This project implements and compares classic machine learning classifiers for the task of recognizing grayscale images (28x28 pixels). The objective was to explore and optimize classification performance using interpretable and efficient models, ultimately yielding a structured prediction output for a large, unseen test set.
- Develop a supervised learning model to classify grayscale images into predefined categories.
- Experiment with multiple classifiers and select the best based on validation accuracy.
- Generate predictions on a hidden test set for real-world-style evaluation.
The dataset can be found using this Google Drive link [https://drive.google.com/drive/folders/1ctNE15BGo4FvC9w_RfdjfrgQy6tbXTnC?usp=sharing]
| Model | Accuracy on Validation Set (test1.csv) |
|---|---|
| K-Nearest Neighbors (KNN) | 85.0% |
| Random Forest | 85.0% |
| Decision Tree | 76.0% |
| Naive Bayes (GaussianNB) | 61.0% |
✅ Chosen Model: KNN was selected based on both high accuracy and generalizability.

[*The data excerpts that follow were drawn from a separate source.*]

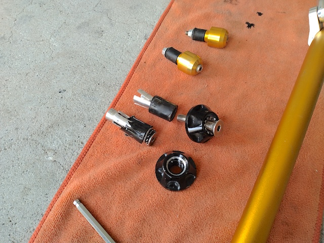 ハンドル本体を外す前にまず、バーエンドやブレーキホース、スロットルケーブル、電気線などがつながるステアリング周辺の部品を外します。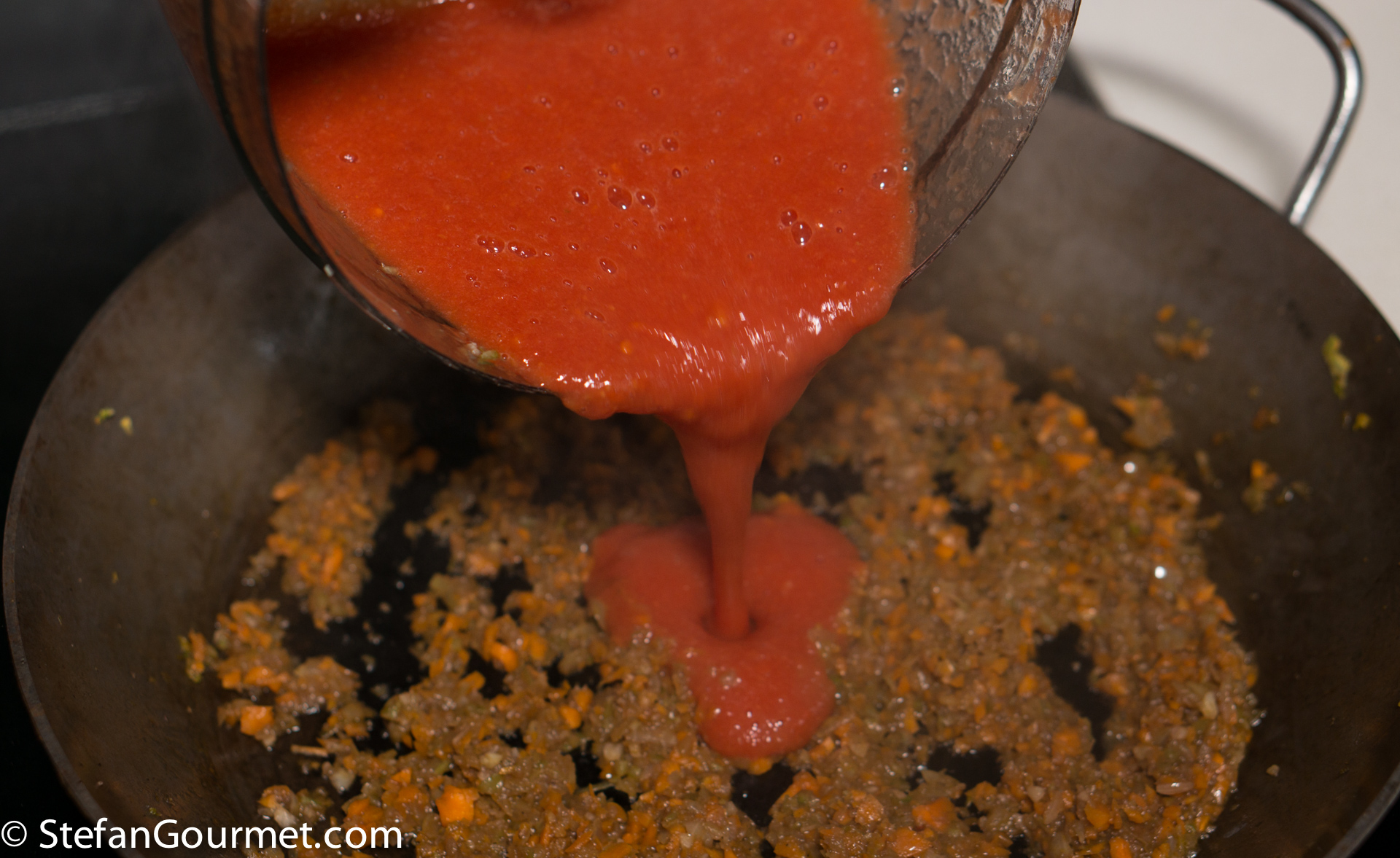 Puree the peeled tomatoes in the food processor and add to the vegetables.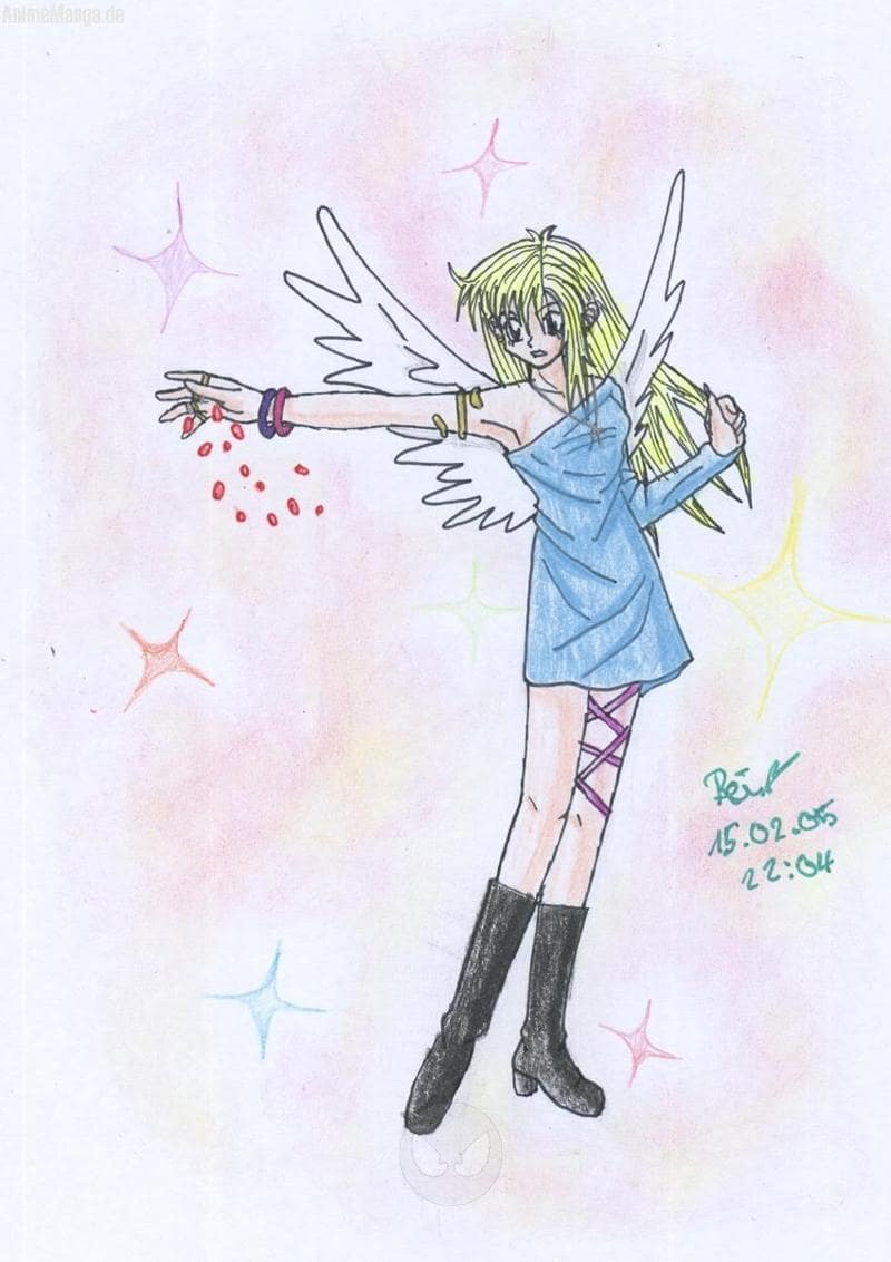 Ich finde es ganz ok, auch wenn die Pose bloß abgezeichnet ist … T-T So, wie ich auf diesen Pic die Schwingen gezeichnet habe, will ich sie immer zeichnen … Gefällt mir viel besser. Tjaja, und das Rei Flügel hat, hat ja immer noch was mit meinem und Tonys RPG zu tun … ^^“ Zum HG sage ich mal nichts und zu dem Rest der Color erst recht net …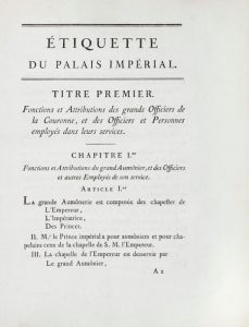 Elle détaille le rôle et les attributions de chacun des officiers, le lever et le coucher de l'empereur et de l'impératrice, le service du Grand Couvert, du Petit Couvert, des déjeuners, les bals et concerts, les grandes parades, les voyages, etc. Son principal rédacteur est Louis-Philippe de Ségur, d'après Barbier.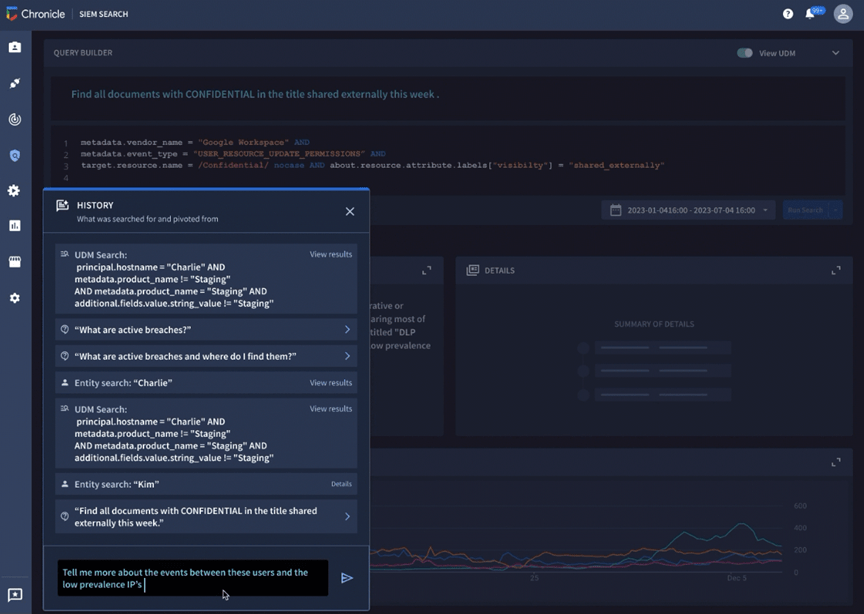 Google Cloudは大量のログデータから攻撃のシグナルを検知するセキュリティ機能「Chronicle Security Operations」を提供している。Chronicle Security OperationsはAI Workbenchを統合し、インテリジェントにサイバー攻撃を検知する技術を提供する。専門家に代わりAIが検索のためのクエリーを生成し、自律的に攻撃を検索し、その結果を分かりやすく表示する。これにより、セキュリティ専門家でなくても、マルウェアによる攻撃を検知できる。(下のスクリーンショットは「CONFIDENTIAL」というタイトルのドキュメントを外部に送信したイベントを検索した事例で、データリークを迅速に検知する)。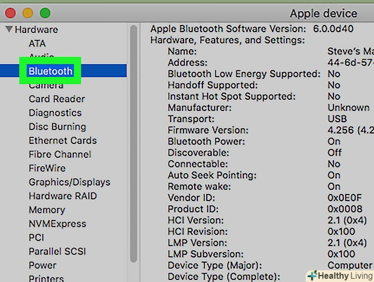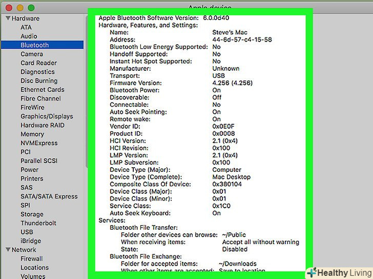 Підтвердіть, що на комп'ютері є Bluetooth.якщо ви знайшли заголовок "Bluetooth", натисніть на нього — якщо справа відобразилася інформація про Bluetooth, на комп'ютері встановлений відповідний адаптер; в іншому випадку на комп'ютері включити Bluetooth не вийде.

The selected model was evaluated on an unseen test set (test2.csv) through a Kaggle-style leaderboard.
| Dataset | Accuracy |
|---|---|
| Validation Set | 85.0% |
| Hidden Test Set (Kaggle) | 85.0% |
Clone the repository and install the dependencies:
git clone https://github.com/your-username/image-classification-28x28.git
cd image-classification-28x28
pip install -r requirements.txt